Restrictions & Caveats

In addition to those listed for some functions.

Long-lived read transactions

Avoid long-lived read transactions, especially in the scenarios with a high rate of write transactions. Long-lived read transactions prevents recycling pages retired/freed by newer write transactions, thus the database can grow quickly.

Understanding the problem of long-lived read transactions requires some explanation, but can be difficult for quick perception. So is is reasonable to simplify this as follows:

  1. Garbage collection problem exists in all databases one way or another, e.g. VACUUM in PostgreSQL. But in MDBX it's even more discernible because of high transaction rate and intentional internals simplification in favor of performance.
  2. MDBX employs Multiversion concurrency control on the Copy-on-Write basis, that allows multiple readers runs in parallel with a write transaction without blocking. An each write transaction needs free pages to put the changed data, that pages will be placed in the new b-tree snapshot at commit. MDBX efficiently recycling pages from previous created unused snapshots, BUT this is impossible if anyone a read transaction use such snapshot.
  3. Thus massive altering of data during a parallel long read operation will increase the process's work set and may exhaust entire free database space.

A good example of long readers is a hot backup to the slow destination or debugging of a client application while retaining an active read transaction. LMDB this results in MDB_MAP_FULL error and subsequent write performance degradation.

MDBX mostly solve "long-lived" readers issue by offering to use a transaction parking-and-ousting approach by mdbx_txn_park(), Handle-Slow-Readers MDBX_hsr_func callback which allows to abort long-lived read transactions, and using the MDBX_LIFORECLAIM mode which addresses subsequent performance degradation. The "next" version of libmdbx (aka MithrilDB and Future) will completely solve this.

  • Avoid suspending a process with active transactions. These would then be "long-lived" as above.
  • Avoid aborting a process with an active read-only transaction in scenarios with high rate of write transactions. The transaction becomes "long-lived" as above until a check for stale readers is performed or the LCK-file is reset, since the process may not remove it from the lockfile. This does not apply to write transactions if the system clears stale writers, see above.

Large data items and huge transactions

MDBX allows you to store values up to 1 gigabyte in size, but this is not the main functionality for a key-value storage, but an additional feature that should not be abused. Such long values are stored in consecutive/adjacent DB pages, which has both pros and cons. This allows you to read long values directly without copying and without any overhead from a linear section of memory.

On the other hand, when putting such values in the database, it is required to find a sufficient number of free consecutive/adjacent database pages, which can be very difficult and expensive, moreover sometimes impossible since b-tree tends to fragmentation. So, when placing very long values, the engine may need to process the entire GC, and in the absence of a sufficient sequence of free pages, increase the DB file. Thus, for long values, MDBX provides maximum read performance at the expense of write performance.

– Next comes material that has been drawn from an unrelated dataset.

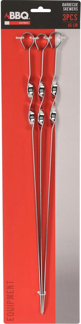 Scobitori de grătar plate, practice, din oțel inoxidabil de înaltă calitate, cu lungimea de 45 cm, în set de 3 bucăți. Datorită profilului plat, carnea nu se rotește, se gătește mai uniform și nu se arde pe o singură parte. Ochiul rotund de la capăt asigură prindere și manevrare confortabile la grătar și la cuptor.
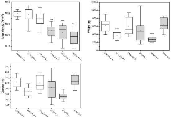 Box plot representation of mass density, weight and diameter of control (CTRL, white bars) and slow-frozen (SF, gray bars) spheroids of 220 µm measured at 24, 48 and 72 h. The line inside each box indicates the median; the lower and upper box boundaries correspond to the first and third quartiles (Q1 and Q3); the whiskers extend to 1.5 × IQR. All parameters are significantly reduced at every time point (*** p < 0.001). Data means SD (n = 30 per group). Please note that data were analyzed to verify the Gaussian distribution, for this reason the outliers (K > 1.5) are deleted. Student’s t-test (two-tailed and heteroscedastic) was used to assess statistical significance between the 6 conditions under testing. p-values < *** 0.001.

A similar situation can be with huge transactions, in which a lot of database pages are retired. The retired pages should be put into GC as a list of page numbers for future reuse. But in huge transactions, such a list of retired page numbers can also be huge, i.e. it is a very long value and requires a long sequence of free pages to be saved. Thus, if you delete large amounts of information from the database in a single transaction, MDBX may need to increase the database file to save the list of pages to be retired.

Both of these issues will be addressed in MithrilDB.

Since v0.12.1 and later

Some aspects related to GC have been refined and improved, in particular:

  • The search for free consecutive/adjacent pages through GC has been significantly speeded, including acceleration using NOEN/SSE2/AVX2/AVX512 instructions.
  • The Big Foot feature which significantly reduces GC overhead for processing large lists of retired pages from huge transactions. Now libmdbx avoid creating large chunks of PNLs (page number lists) which required a long sequences of free pages, aka large/overflow pages. Thus avoiding searching, allocating and storing such sequences inside GC.

Space reservation

An MDBX database configuration will often reserve considerable unused memory address space and maybe file size for future growth. This does not use actual memory or disk space, but users may need to understand the difference so they won't be scared off.

However, on 64-bit systems with a relative small amount of RAM, such reservation can deplete system resources (trigger ENOMEM error, etc) when setting an inadequately large upper DB size using mdbx_env_set_geometry() or mdbx::env::geometry. So just avoid this.

Remote filesystems

Do not use MDBX databases on remote filesystems, even between processes on the same host. This breaks file locks on some platforms, possibly memory map sync, and certainly sync between programs on different hosts.

On the other hand, MDBX support the exclusive database operation over a network, and cooperative read-only access to the database placed on a read-only network shares.

Child processes

Do not use opened MDBX_env instance(s) in a child processes after fork(). It would be insane to call fork() and any MDBX-functions simultaneously from multiple threads. The best way is to prevent the presence of open MDBX-instances during fork().

The MDBX_ENV_CHECKPID build-time option, which is ON by default on non-Windows platforms (i.e. where fork() is available), enables PID checking at a few critical points. But this does not give any guarantees, but only allows you to detect such errors a little sooner. Depending on the platform, you should expect an application crash and/or database corruption in such cases.

On the other hand, MDBX allow calling mdbx_env_close() in such cases to release resources, but no more and in general this is a wrong way.

Since v0.13.1 and later

Начиная с версии 0.13.1 в API доступна функция mdbx_env_resurrect_after_fork(), которая позволяет пере-использовать в дочерних процессах уже открытую среду БД, но строго без наследования транзакций от родительского процесса.

Read-only mode

There is no pure read-only mode in a normal explicitly way, since readers need write access to LCK-file to be ones visible for writer.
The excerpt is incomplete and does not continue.